What does this mean for enforcement? As a progressive, for me, it means that un-stacking the deck against consumers should be a high priority. For example, merger control should employ a dynamic and symmetric consumer welfare standard, or assessing the potential effects of a merger on both sides of the ledger in the same way. On the competitive effects side, enforcers and courts should consider both price and non-price effects, including the potential harms to competition and consumers from short and longer-term dynamic effects. This would realign the current asymmetry I mentioned above. Enforcers and courts should more rigorously assess efficiencies claims, basing their assessment not only on the cognizability and merger-specific nature of such claims, but also on whether previous mergers proved up claimed efficiencies. And enforcers and courts should insist on proof of passing such efficiencies through to consumers.

Finally, in the case of vertical mergers, recent experience with mergers such as AT&T-Time Warner and CVS-Aetna indicates that highly concentrated markets are strong indicators that the merged firm will have the incentive to foreclose its rivals from access to inputs and distribution. I believe that it is time to craft vertical merger equivalents to the structural presumption we have for horizontal mergers. In other words, vertical mergers in highly concentrated upstream and/or downstream markets can be presumed to enhance the incentive to foreclose rivals. As such, they should be presumptively illegal under the antitrust laws.

Some antitrust conservatives recommend that antitrust rules be crafted to minimize the harm to aggregate surplus from conduct harming competition, rather than the harm to consumer surplus,and that courts and enforcers should freely allow harms in one market to be justified by benefits in another, contrary to legal precedents that prohibit cross-market tradeoffs. Do you agree?
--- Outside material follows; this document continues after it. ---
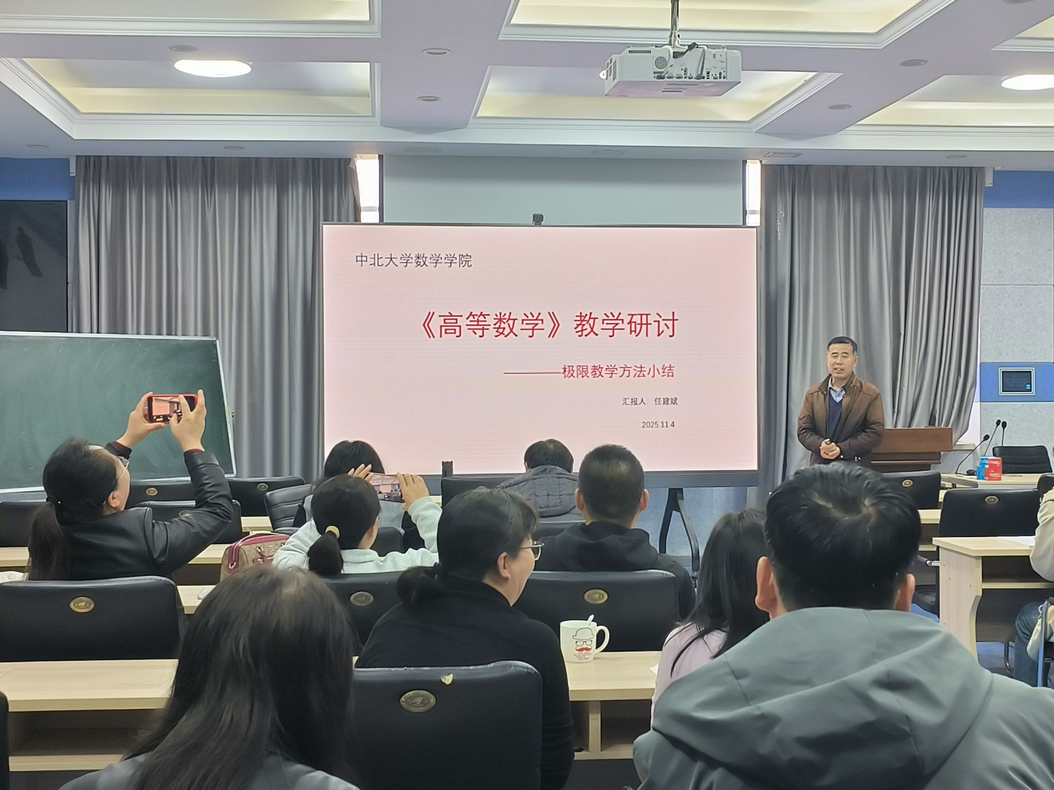 为提高教学质量、促进教学经验交流,114日下午,大学数学教学中心于九号楼924会议室举办高等数学教学研讨会。全体任课教师参加本次会议,会议由朱志峰老师主持,特邀任建斌老师担任主讲。
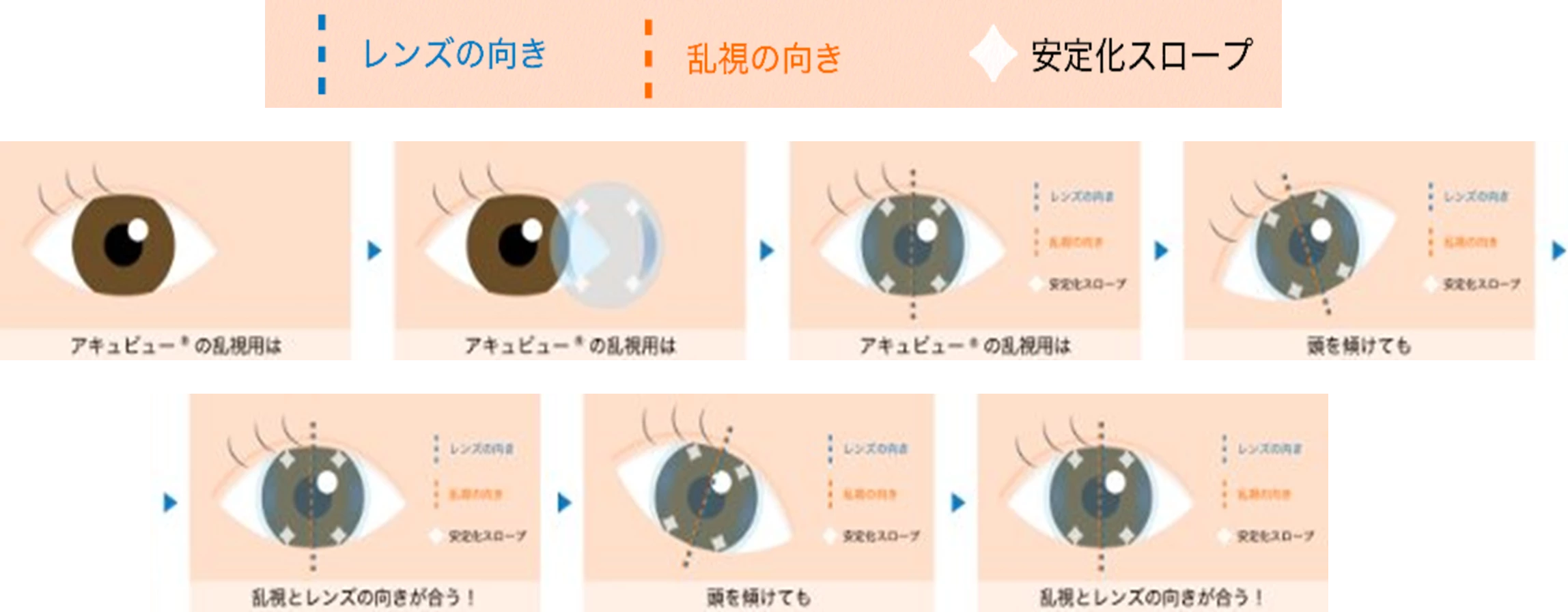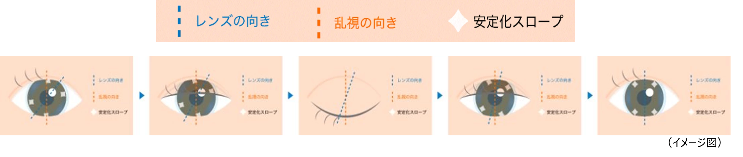 乱視は角膜や水晶体のゆがみが原因のため、人それぞれゆがみの方向に応じた乱視の軸(向き)が異なります。コンタクトレンズで乱視を矯正するには、乱視の方向とレンズの方向が正しく合う位置でレンズがとどまることが重要です。乱視の方向とレンズの方向がずれると、乱視用コンタクトレンズを装用していても視力が低下しぼやけて見えることがあります。

I do not agree. Such proposals would codify conservative ideology that has arguably been responsible for under-enforcement of the antitrust laws for decades and that has contributed to the state of declining competition in the U.S. In the unlikely event such proposals were to gain traction, they would be a definitive “no” vote for consumers and workers, innovation, and the importance of protecting our market-based system. Such a proposal invites defendants to pursue even more expansive and amorphous arguments about potential benefits of anticompetitive mergers and abusive conduct. Moreover, persuading enforcers and courts to accept harms in one market on the promise of benefits in another opens a Pandora’s box of economic, legal, and institutional reforms that would further stymie enforcement.